Seminar

The Dawn of Civilization

Luigi Pascali (University of Pompeu Fabra, Barcelona)

March 23, 2023, 11:00–12:30

Room Auditorium 4

Abstract

Approximately around 3300 BC, our ancestors experienced the Urban Revolution, a very rapid transition from agricultural villages to state-level, urban societies. In less than five centuries and in regions as far as the Nile Valley, Mesopotamia, Central Asia, and the Indus Valley, cities appeared for the first time in human history, together with writing, large states, and unprecedented levels of socio-economic inequalities. What caused this transition? Why did it emerge in some regions but not in others? We propose that the turning point is the invention of bronze, in the second half of the 4th millennium. For the first time in human history, elaborate trade arrangements had to be made: bronze is an alloy made with copper and tin and these two metals can be found only in remote regions that are very distant from each other. The trade routes connecting large populations with far-away mining regions were constrained to pass by some regional bottlenecks: it is precisely in these bottlenecks that a new elite, relying on taxing transit trade, could rise, leading eventually to the rise of cities and states.
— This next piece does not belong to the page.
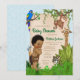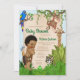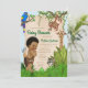 Invitaciones para baby shower safari de niño con bebé afroamericano con adorable cabello afro y animales de safari en un fondo de jungla de damasco azul. Esta invitación para baby shower safari de niño se personaliza fácilmente para su evento simplemente agregando su texto.

We test this theory by combining global data on the distribution of metal resources, ancient mining activity, ancient trade relations, and the spread of the urban revolution.(joint with M. Flueckiger, M. Larch, and M. Ludwig)

Reference

Luigi Pascali (University of Pompeu Fabra, Barcelona), The Dawn of Civilization, Behavior, Institutions, and Development Seminar, March 23, 2023, 11:00–12:30, room Auditorium 4.